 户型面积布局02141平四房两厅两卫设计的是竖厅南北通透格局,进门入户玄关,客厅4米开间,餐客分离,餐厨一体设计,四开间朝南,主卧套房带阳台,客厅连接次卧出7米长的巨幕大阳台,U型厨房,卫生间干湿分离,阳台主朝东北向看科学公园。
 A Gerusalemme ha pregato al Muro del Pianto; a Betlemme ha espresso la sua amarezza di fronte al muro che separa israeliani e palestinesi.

...

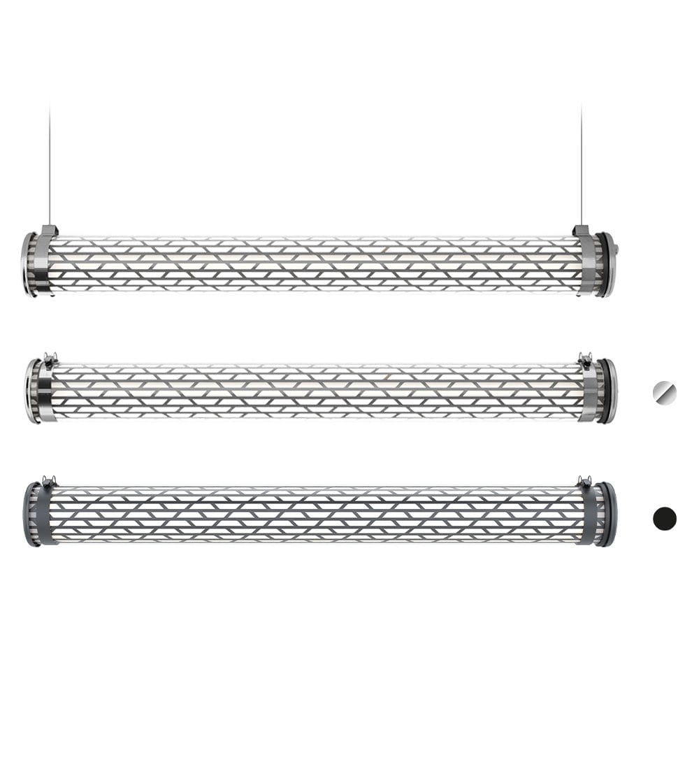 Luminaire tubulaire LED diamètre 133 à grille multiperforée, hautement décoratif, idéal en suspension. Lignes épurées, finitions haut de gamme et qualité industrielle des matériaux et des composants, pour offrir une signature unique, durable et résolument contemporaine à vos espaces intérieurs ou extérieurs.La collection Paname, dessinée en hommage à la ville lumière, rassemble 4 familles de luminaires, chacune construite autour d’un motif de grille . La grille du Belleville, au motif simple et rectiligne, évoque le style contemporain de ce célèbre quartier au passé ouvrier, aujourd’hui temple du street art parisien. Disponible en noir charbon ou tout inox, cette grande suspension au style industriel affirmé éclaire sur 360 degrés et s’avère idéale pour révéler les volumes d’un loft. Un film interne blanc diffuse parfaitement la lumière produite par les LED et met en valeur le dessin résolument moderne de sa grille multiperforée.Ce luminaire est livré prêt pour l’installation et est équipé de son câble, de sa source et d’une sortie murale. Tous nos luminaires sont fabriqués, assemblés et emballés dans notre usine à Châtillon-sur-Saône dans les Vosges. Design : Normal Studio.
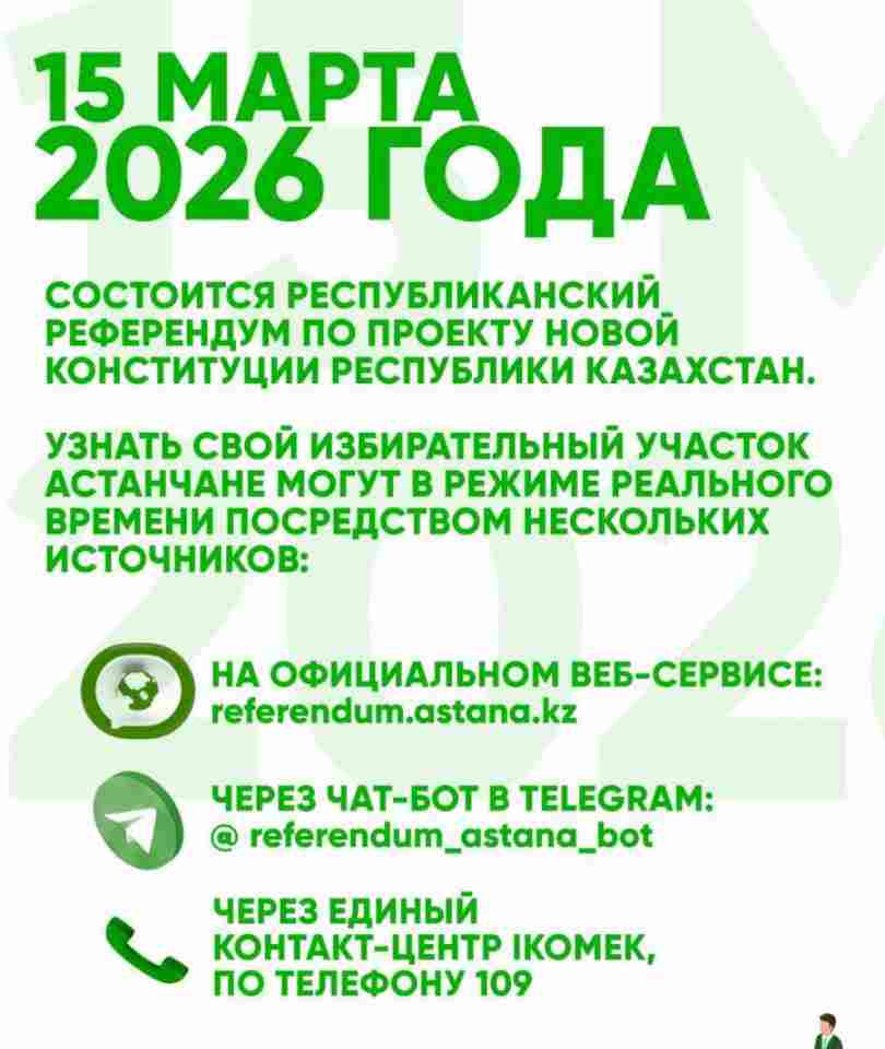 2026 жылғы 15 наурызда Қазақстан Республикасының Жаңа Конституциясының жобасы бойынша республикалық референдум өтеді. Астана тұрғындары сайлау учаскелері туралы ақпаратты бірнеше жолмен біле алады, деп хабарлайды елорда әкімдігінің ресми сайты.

▶ **Exercise requirements**: Please, from the entries above, set down exactly the lines from the one containing "户型面积布局02141平四房" through the one containing "A Gerusalemme ha", and only those.

▶ **Finished exercise**:
 户型面积布局02141平四房两厅两卫设计的是竖厅南北通透格局,进门入户玄关,客厅4米开间,餐客分离,餐厨一体设计,四开间朝南,主卧套房带阳台,客厅连接次卧出7米长的巨幕大阳台,U型厨房,卫生间干湿分离,阳台主朝东北向看科学公园。
 A Gerusalemme ha pregato al Muro del Pianto; a Betlemme ha espresso la sua amarezza di fronte al muro che separa israeliani e palestinesi.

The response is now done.